"Harnessing the Power of Publicity"
by Pauline Bartel, M.A.

If your dream is to have people flock to your business or clamor for your product or service, you need to do more than just "build it."

You need to, first, raise the public's awareness of your enterprise and then create a favorable impression in the public's mind about your offering. When you do this, "they will come." But how do you start?

Your Tool Box

You have a variety of tools that accomplish these dual goals, including advertising, sales promotion, and public relations.

Advertising involves placing paid promotional messages about your product or service in newspapers or magazines, on radio and TV, and on Internet Web sites. This tool offers customers solid reasons for purchasing your particular offering.

Sales promotion consists of short-term incentives such as coupons, rebates, premiums, discounts, contests and sweepstakes. This tool encourages customers to make their purchases within a certain time period.

Public relations includes strategies such as announcing news, distributing written materials, and holding special events. This tool educates customers, inducing them to understand your company better and to feel goodwill toward your enterprise.

At the heart of public relations is an activity called publicity. Publicity includes any message about your company that is communicated through the mass media -- print, radio, television, the Internet -- at no cost to your organization.

Benefits of Publicity

Publicity is free. You can't buy a full-page newspaper article, a 15-minute radio interview, or a two-minute television appearance that showcases your company. For that reason, such no-cost exposure could be worth thousands of dollars to you.
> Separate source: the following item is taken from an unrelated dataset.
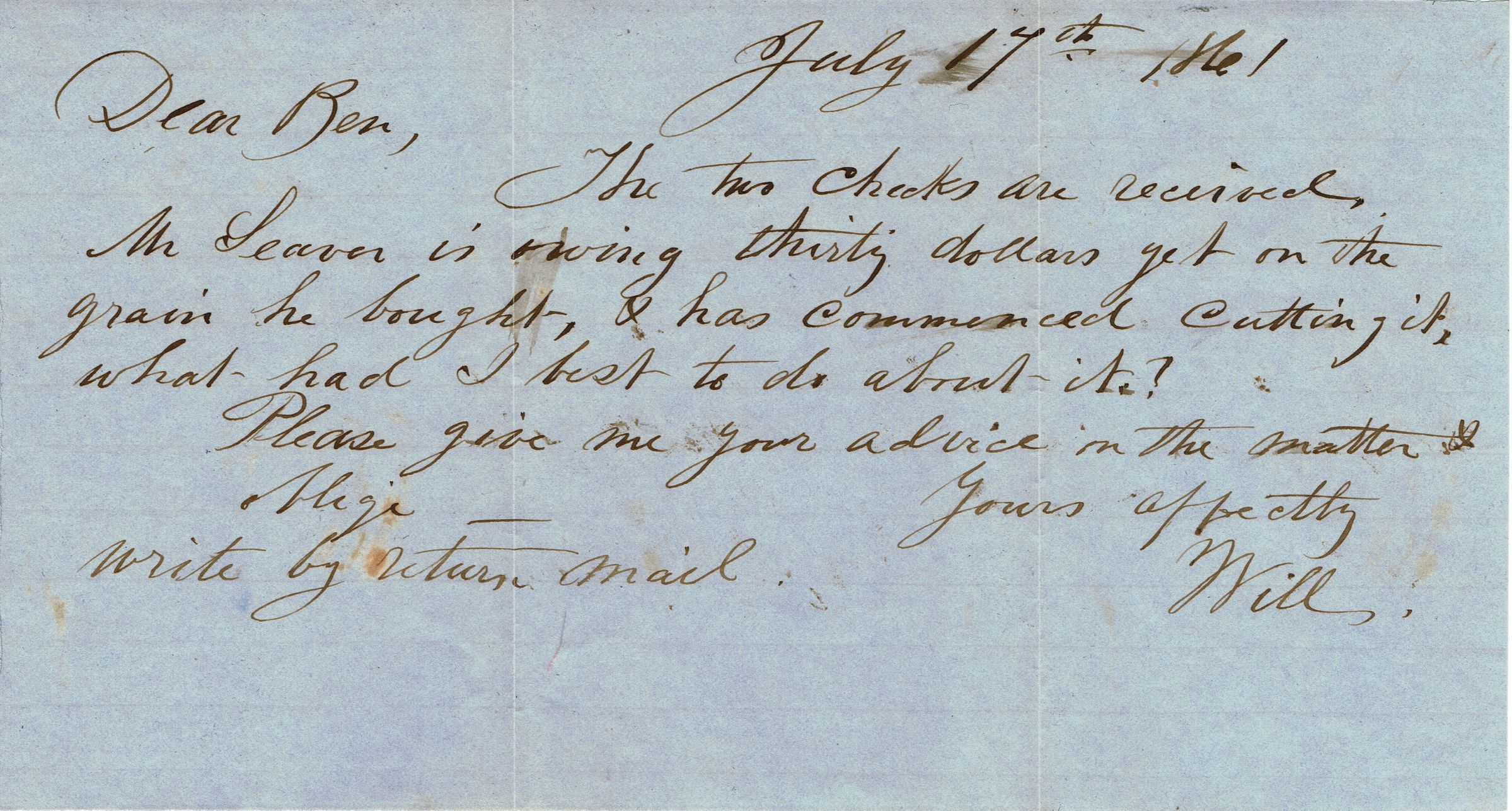 The text of the letters are as follows: "July 17, 1861. Dear Ben, The two checks are received. Mr. Seaver is owing thirty dollars yet on the grain he bough, and has commenced cutting it. What had I best to do about it? Please give me your advice on the matter. I oblige write by return mail. Yours affectly, Will."

Publicity has more credibility than advertising. When customers and prospects are exposed to an ad, they know that the advertiser paid for the newspaper or magazine space, the radio airtime, or the television broadcast time. Thus, customers and prospects know that the ad may not be accurate when it claims that the company produces the best widget in the Capital District.

When an item appears as news -- a newspaper review of your latest widget or a tour of your widget company on a television news broadcast -- customers and prospects perceive this as unbiased information. They know that the media provide critical appraisals of products through reviews and that the media are neutral in disseminating information about newsworthy items.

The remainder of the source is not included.